= Beginning of Section =
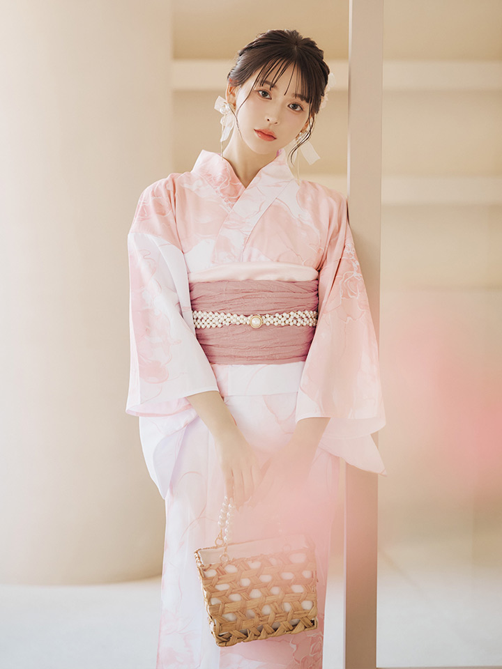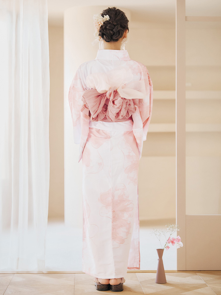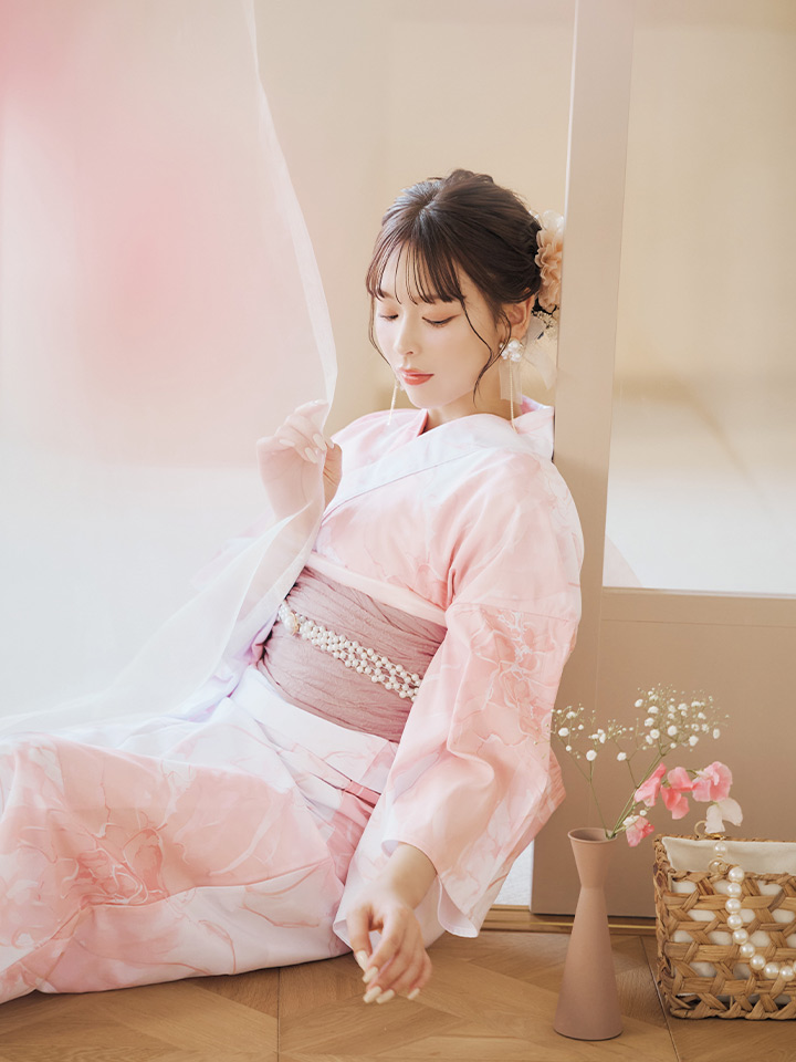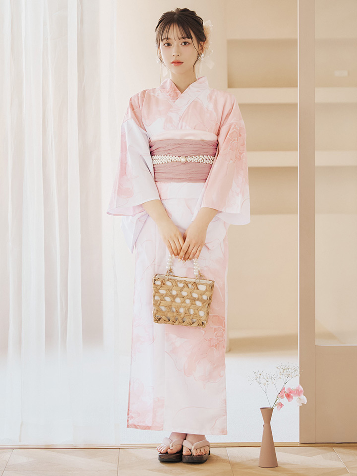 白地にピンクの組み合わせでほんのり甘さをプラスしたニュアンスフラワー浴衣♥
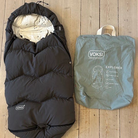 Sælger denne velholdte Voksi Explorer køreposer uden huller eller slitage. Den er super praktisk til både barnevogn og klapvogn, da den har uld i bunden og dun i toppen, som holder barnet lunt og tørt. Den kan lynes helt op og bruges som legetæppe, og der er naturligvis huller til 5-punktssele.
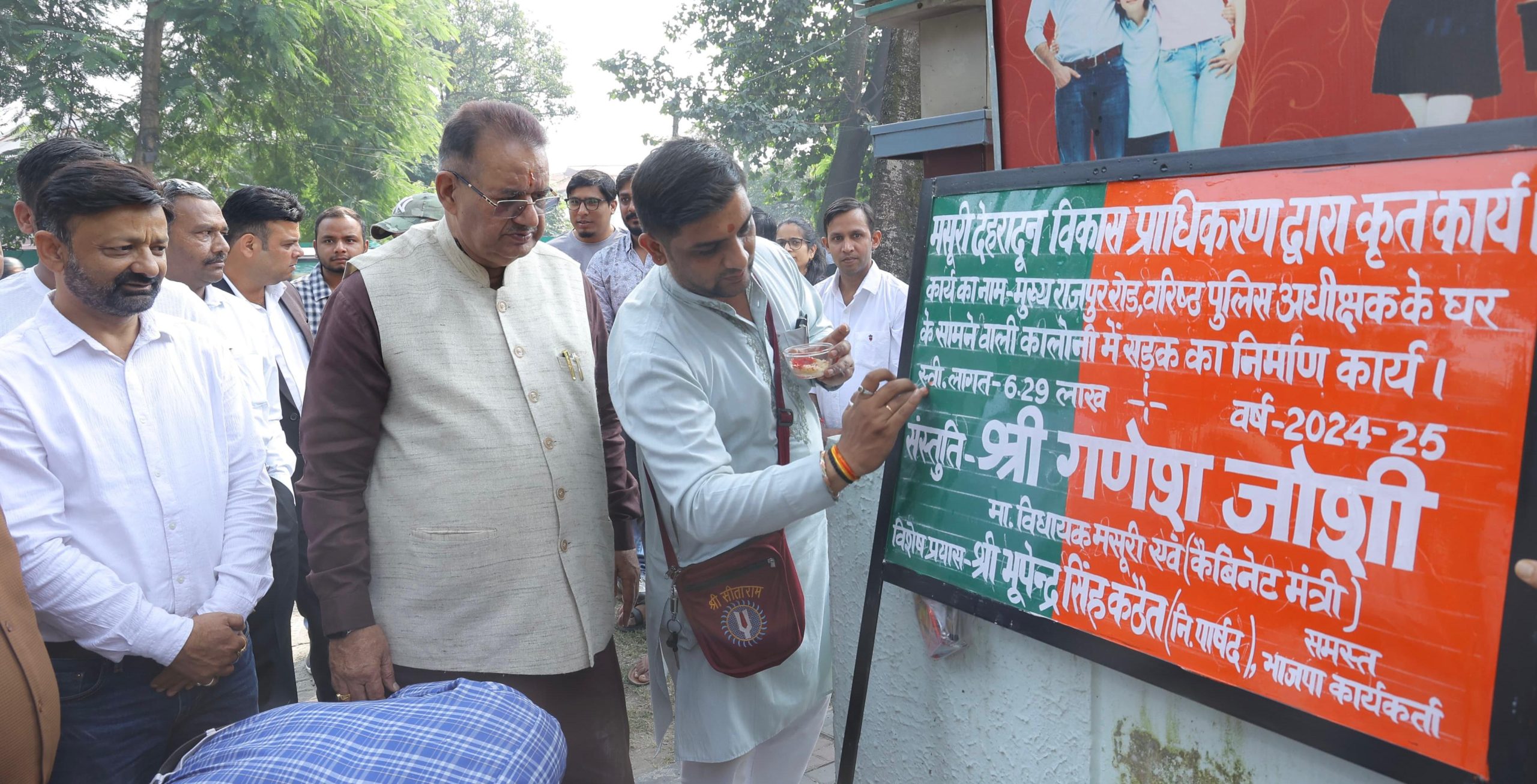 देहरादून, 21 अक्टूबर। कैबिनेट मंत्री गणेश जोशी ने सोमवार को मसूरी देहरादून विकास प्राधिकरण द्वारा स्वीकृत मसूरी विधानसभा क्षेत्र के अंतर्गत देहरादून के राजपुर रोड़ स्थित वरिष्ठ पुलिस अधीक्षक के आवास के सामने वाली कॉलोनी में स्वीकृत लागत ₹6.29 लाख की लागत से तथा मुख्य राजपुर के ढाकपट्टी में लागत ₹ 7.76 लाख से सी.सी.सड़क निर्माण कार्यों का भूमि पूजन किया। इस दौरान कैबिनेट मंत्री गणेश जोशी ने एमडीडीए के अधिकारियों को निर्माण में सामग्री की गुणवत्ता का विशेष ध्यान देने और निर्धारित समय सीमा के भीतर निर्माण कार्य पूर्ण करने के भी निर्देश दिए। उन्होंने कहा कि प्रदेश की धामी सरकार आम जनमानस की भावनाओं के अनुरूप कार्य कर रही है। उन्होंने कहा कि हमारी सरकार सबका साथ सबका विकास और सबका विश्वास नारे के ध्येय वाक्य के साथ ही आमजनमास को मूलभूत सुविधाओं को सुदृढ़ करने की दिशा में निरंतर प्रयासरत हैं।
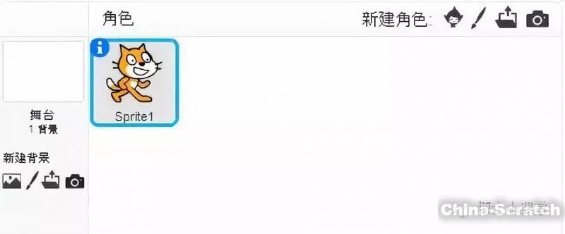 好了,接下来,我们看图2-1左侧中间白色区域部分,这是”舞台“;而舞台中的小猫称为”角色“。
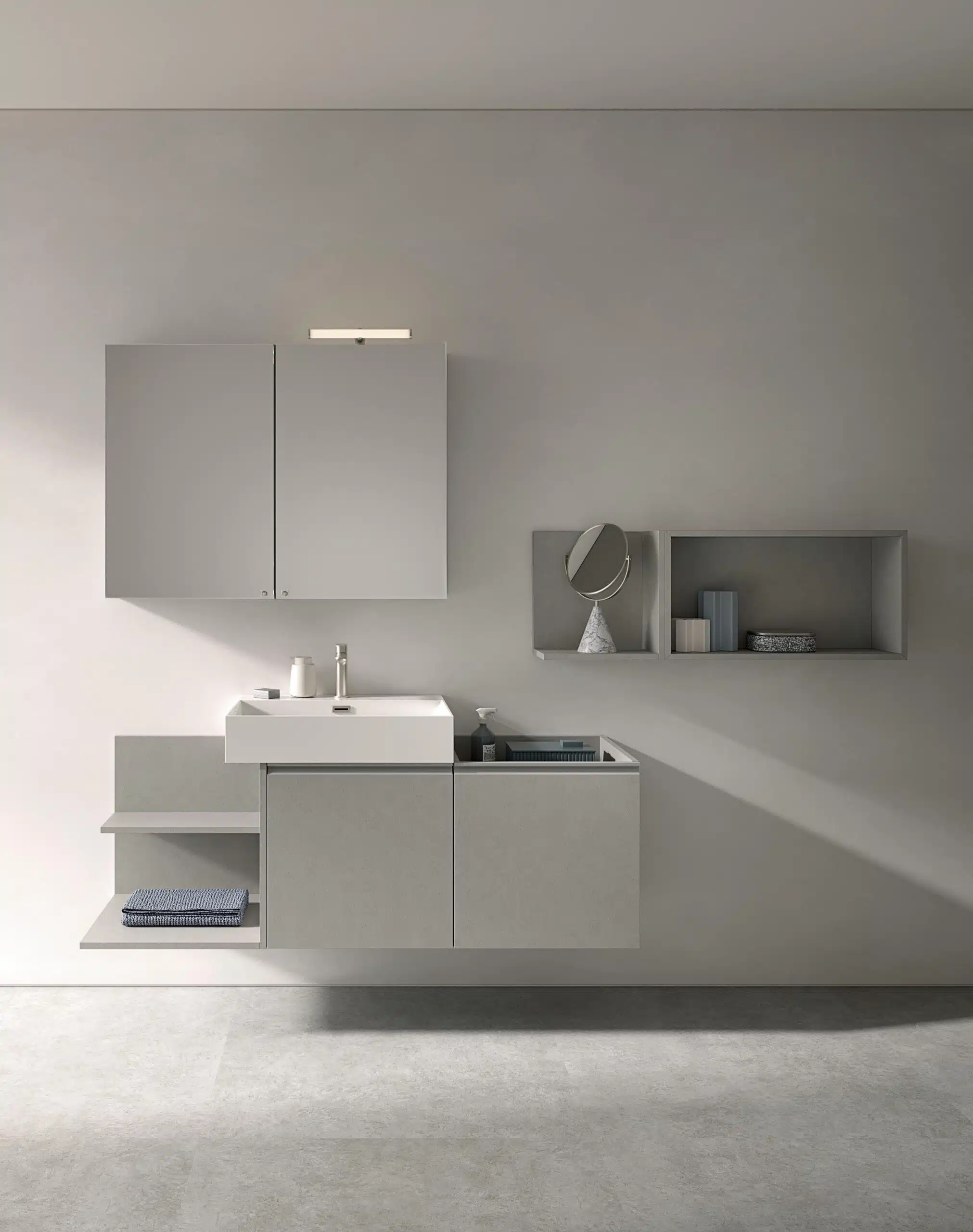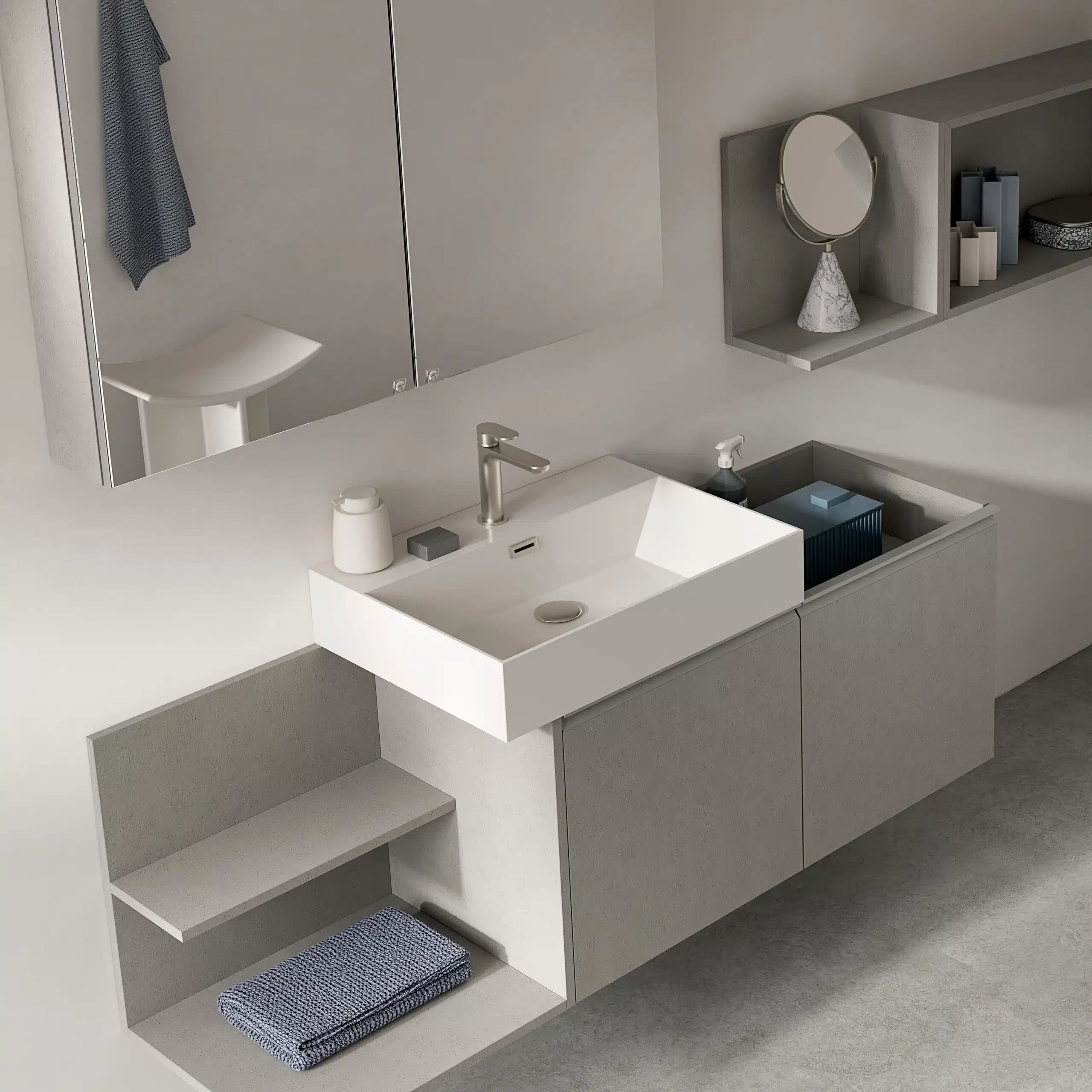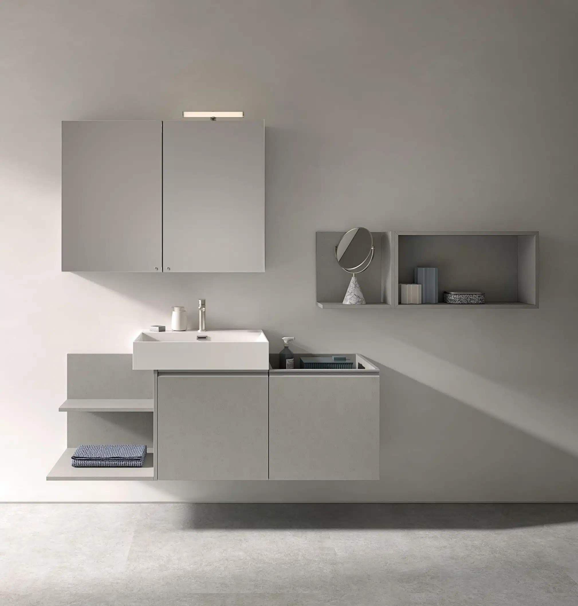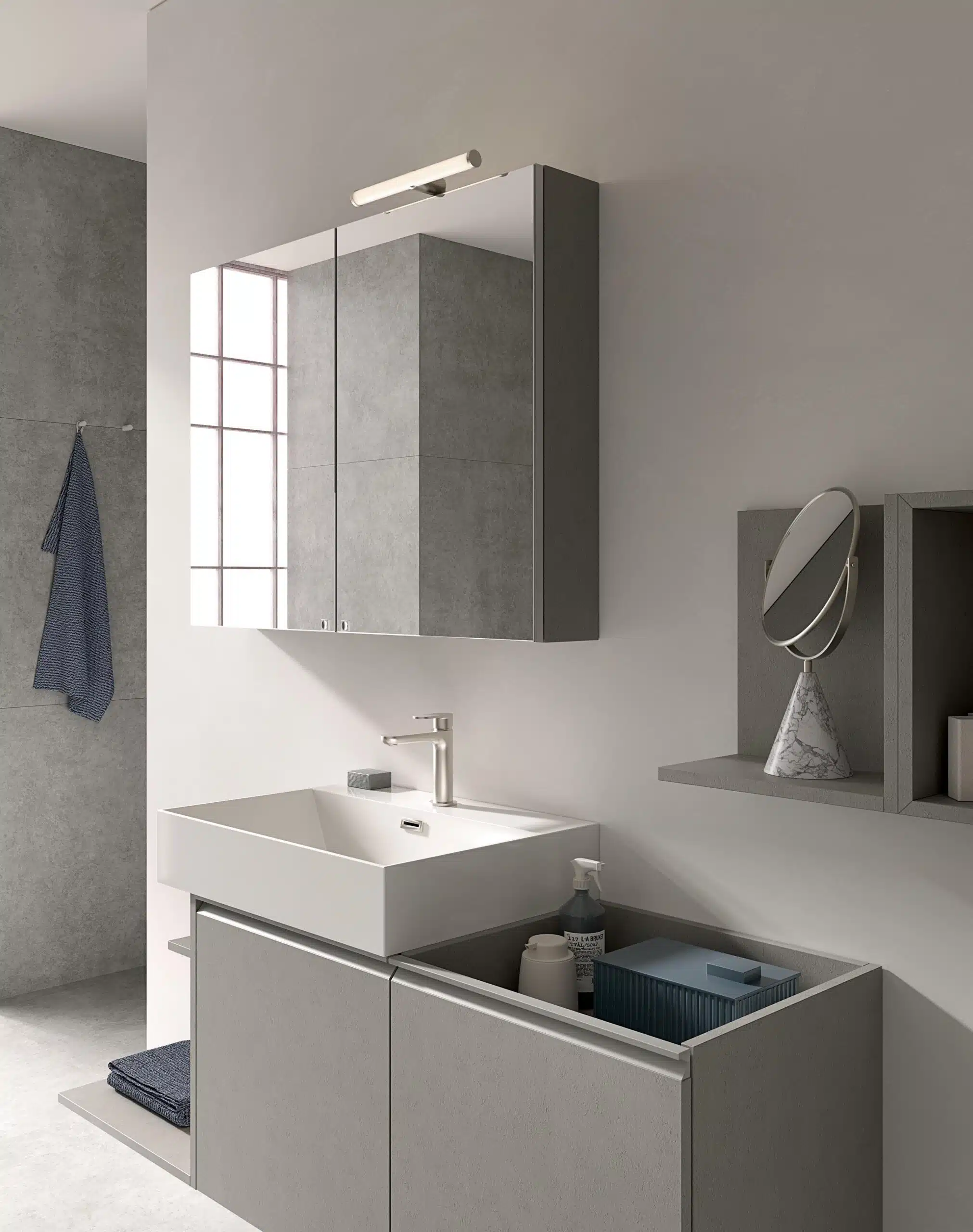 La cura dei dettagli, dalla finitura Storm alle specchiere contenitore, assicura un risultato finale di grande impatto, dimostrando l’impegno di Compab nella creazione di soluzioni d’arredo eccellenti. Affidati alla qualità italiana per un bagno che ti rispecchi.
= End of Section =
> [Problem details] In your copy, repeat the records above exactly and include no images.

> [Response below]
 白地にピンクの組み合わせでほんのり甘さをプラスしたニュアンスフラワー浴衣♥
 Sælger denne velholdte Voksi Explorer køreposer uden huller eller slitage. Den er super praktisk til både barnevogn og klapvogn, da den har uld i bunden og dun i toppen, som holder barnet lunt og tørt. Den kan lynes helt op og bruges som legetæppe, og der er naturligvis huller til 5-punktssele.
 देहरादून, 21 अक्टूबर। कैबिनेट मंत्री गणेश जोशी ने सोमवार को मसूरी देहरादून विकास प्राधिकरण द्वारा स्वीकृत मसूरी विधानसभा क्षेत्र के अंतर्गत देहरादून के राजपुर रोड़ स्थित वरिष्ठ पुलिस अधीक्षक के आवास के सामने वाली कॉलोनी में स्वीकृत लागत ₹6.29 लाख की लागत से तथा मुख्य राजपुर के ढाकपट्टी में लागत ₹ 7.76 लाख से सी.सी.सड़क निर्माण कार्यों का भूमि पूजन किया। इस दौरान कैबिनेट मंत्री गणेश जोशी ने एमडीडीए के अधिकारियों को निर्माण में सामग्री की गुणवत्ता का विशेष ध्यान देने और निर्धारित समय सीमा के भीतर निर्माण कार्य पूर्ण करने के भी निर्देश दिए। उन्होंने कहा कि प्रदेश की धामी सरकार आम जनमानस की भावनाओं के अनुरूप कार्य कर रही है। उन्होंने कहा कि हमारी सरकार सबका साथ सबका विकास और सबका विश्वास नारे के ध्येय वाक्य के साथ ही आमजनमास को मूलभूत सुविधाओं को सुदृढ़ करने की दिशा में निरंतर प्रयासरत हैं।
 好了,接下来,我们看图2-1左侧中间白色区域部分,这是”舞台“;而舞台中的小猫称为”角色“。
 La cura dei dettagli, dalla finitura Storm alle specchiere contenitore, assicura un risultato finale di grande impatto, dimostrando l’impegno di Compab nella creazione di soluzioni d’arredo eccellenti. Affidati alla qualità italiana per un bagno che ti rispecchi.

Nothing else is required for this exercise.